= Uyu River =

River in northern Myanmar

The Uyu River, also pronounced Uru River (Uyu Chaung in Burmese), is a river in northern Myanmar, formerly Burma. It is a major tributary of the Chindwin River, itself the largest tributary of the country's chief river, the Ayeyarwady. Its source lies in the Hukawng Valley of Kachin State, and it takes a southwesterly course through a fertile and well irrigated valley. It enters the Chindwin on the left bank at Homalin in Sagaing Division.

==Economy==
Hpakant, situated in the headwaters of the Uyu, is the only place in the world where the best quality jade known as jadeite is mined. Sand and stones deposited from jade mining operations have impeded the flow during the monsoons and caused flooding with damage to the roads. 'Gold boats' that mine the riverbed for precious metals began to appear in the 1990s along the 215 km stretch of the Uyu from Haungpa to Homalin. A cleanup plan by a government-appointed special environment committee started in May 2004 with a ban on gold digging, and the jade miners were made responsible for the rehabilitation of a 26 km stretch out of the badly damaged 40 km of the river between Lonkin and Haungpa.

==Flora and fauna==
The area is covered with primarily tropical evergreen forest, dense bamboo and rattan undergrowth. Mixed deciduous teak forest is also seen on higher slopes. Htamanthi Wildlife Sanctuary for the tiger and the rhinoceros is located between the Uyu and the Chindwin.

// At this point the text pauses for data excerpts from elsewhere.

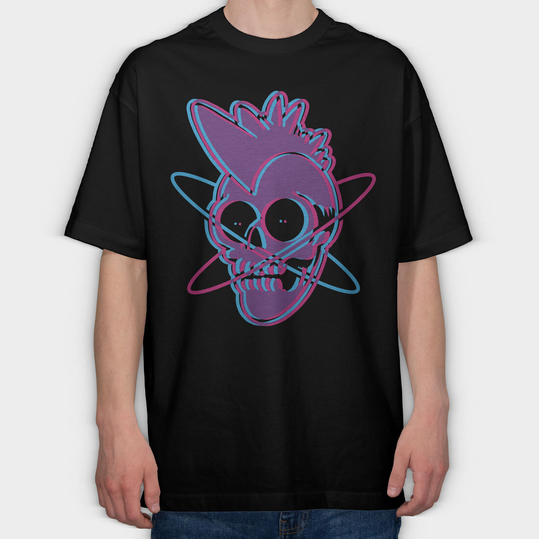 Distorted Punk Sull Cyan Magenta Skull, Tricou Oversize Barbati (Unisex)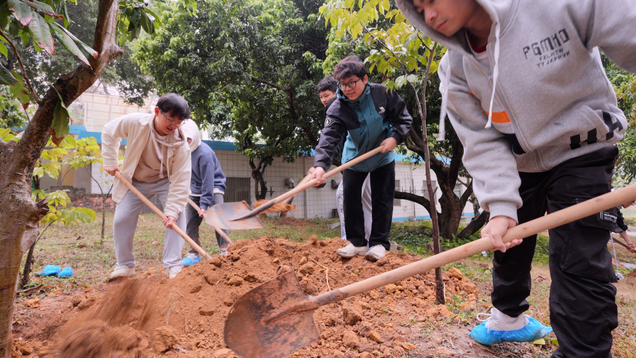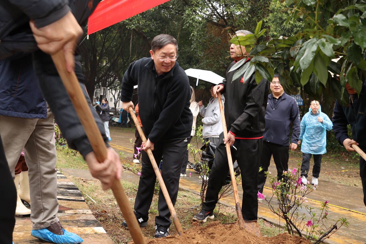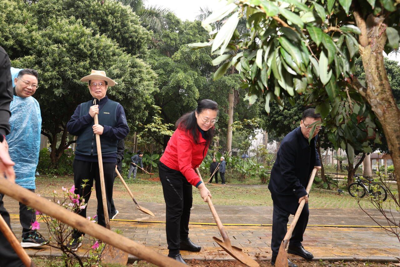 師生和校友們揮鍬挖坑、扶正樹苗、填土踏實、澆水灌溉,在相思湖畔栽種下了由校友們捐贈的荔枝樹。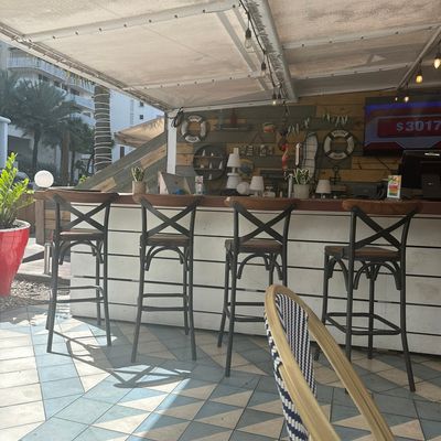 The outdoor patio offers a relaxed setting with several sports TVs positioned around the bar area. It feels like a casual spot to catch a game while enjoying the oceanfront atmosphere.ambiance_potoo
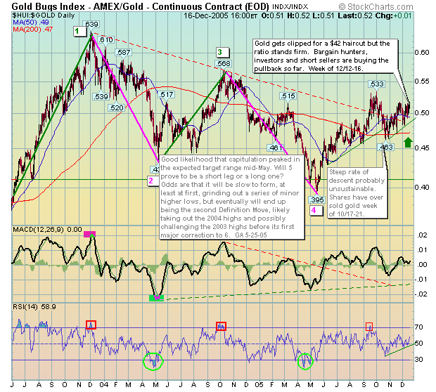 ..."On Wednesday (12/14/05), the gold stocks were in the midst of their 4th consecutive day down, USERX was falling below 9.86, and prices were going to close with a touch of the 16-20 index support. THAT WAS MY BUY SPOT AND I RE-ENTERED 100% LONG at 9.72...

The Uyu River is an important conservation area for the green peafowl (Pavo muticus), the spot-billed pelican (Pelecanus philippensis) and the white-rumped vulture (Gyps bengalensis).

==World War II==
In May 1942 after the Japanese invaded Burma, the US Army General Uncle Joe Stilwell led his staff of 103 Americans, British and Chinese on foot setting out from Shwebo to India. He carried bully beef to his raft across the Uyu River, pictured wearing his underwear and campaign hat. They were joined by Gordon Seagrave of Burma Surgeon fame and his team of Burmese nurses on their journey down the Uyu on rafts reaching Maingkaing in two days and Homalin after another three days of rafting.